──────── Dataset content

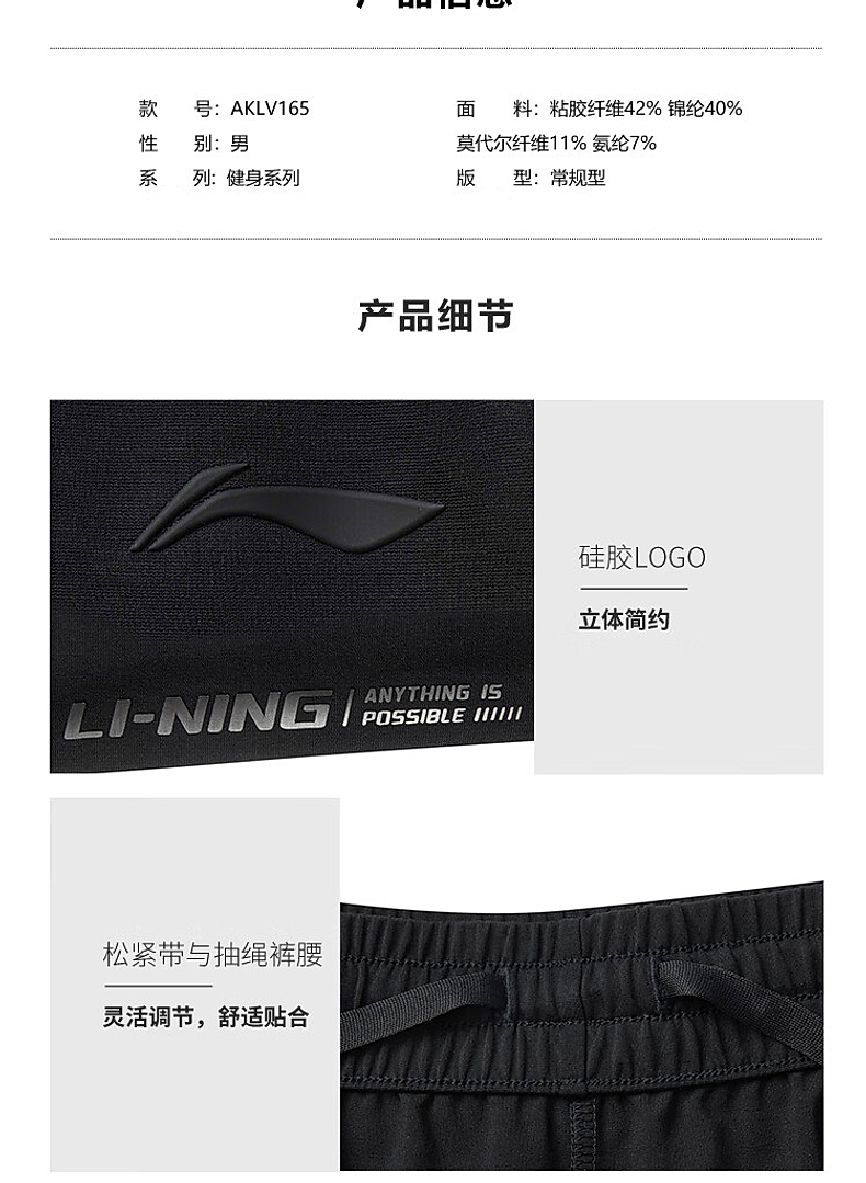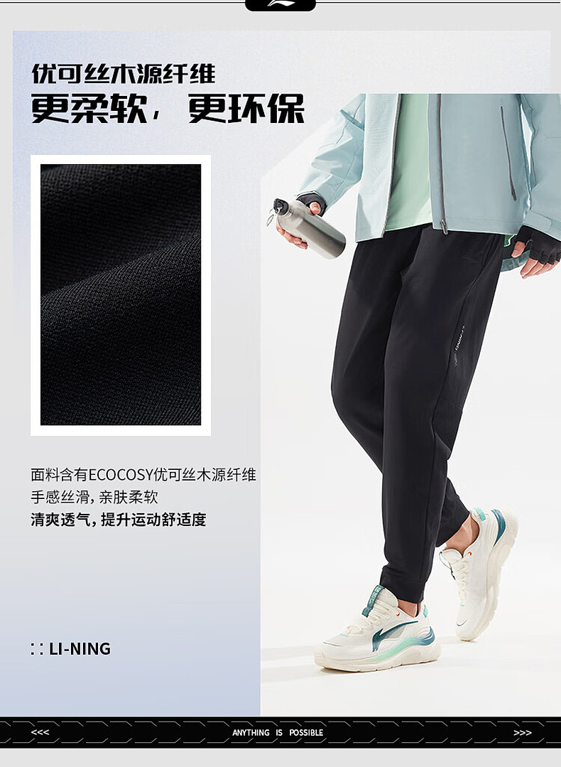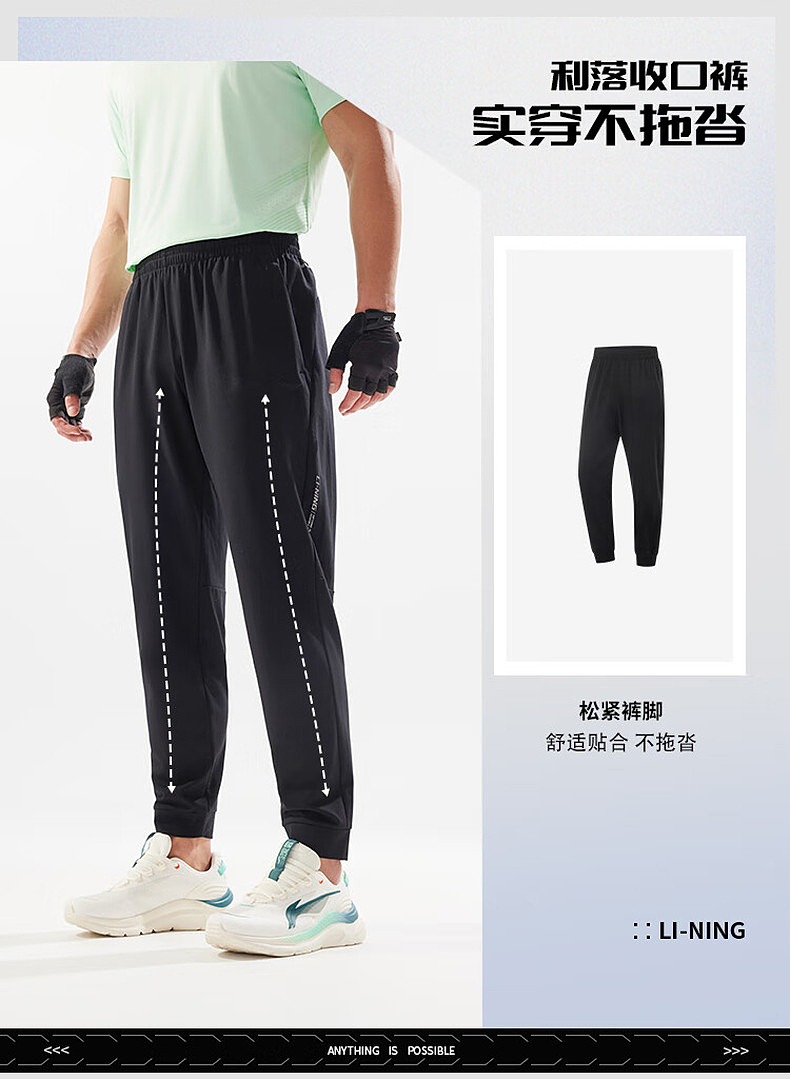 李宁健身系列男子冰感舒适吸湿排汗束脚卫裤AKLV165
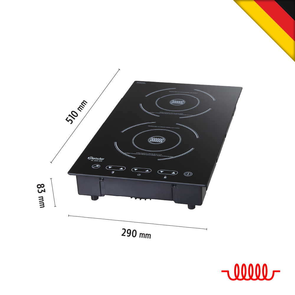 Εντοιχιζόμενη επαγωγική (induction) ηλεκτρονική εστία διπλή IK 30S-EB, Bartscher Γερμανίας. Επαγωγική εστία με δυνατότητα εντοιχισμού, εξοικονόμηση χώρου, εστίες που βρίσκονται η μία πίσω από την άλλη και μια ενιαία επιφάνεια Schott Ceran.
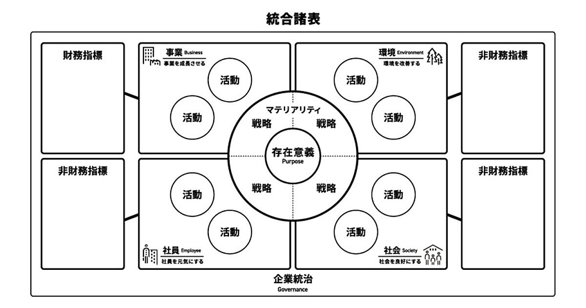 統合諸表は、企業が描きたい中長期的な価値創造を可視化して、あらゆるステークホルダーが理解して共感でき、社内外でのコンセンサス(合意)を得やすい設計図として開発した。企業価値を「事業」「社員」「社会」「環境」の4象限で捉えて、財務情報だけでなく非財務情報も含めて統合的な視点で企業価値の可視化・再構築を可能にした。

────────────────

→ About this task: This task asks for the data above repeated exactly, without a single picture.

→ Answer to the problem:
 李宁健身系列男子冰感舒适吸湿排汗束脚卫裤AKLV165
 Εντοιχιζόμενη επαγωγική (induction) ηλεκτρονική εστία διπλή IK 30S-EB, Bartscher Γερμανίας. Επαγωγική εστία με δυνατότητα εντοιχισμού, εξοικονόμηση χώρου, εστίες που βρίσκονται η μία πίσω από την άλλη και μια ενιαία επιφάνεια Schott Ceran.
 統合諸表は、企業が描きたい中長期的な価値創造を可視化して、あらゆるステークホルダーが理解して共感でき、社内外でのコンセンサス(合意)を得やすい設計図として開発した。企業価値を「事業」「社員」「社会」「環境」の4象限で捉えて、財務情報だけでなく非財務情報も含めて統合的な視点で企業価値の可視化・再構築を可能にした。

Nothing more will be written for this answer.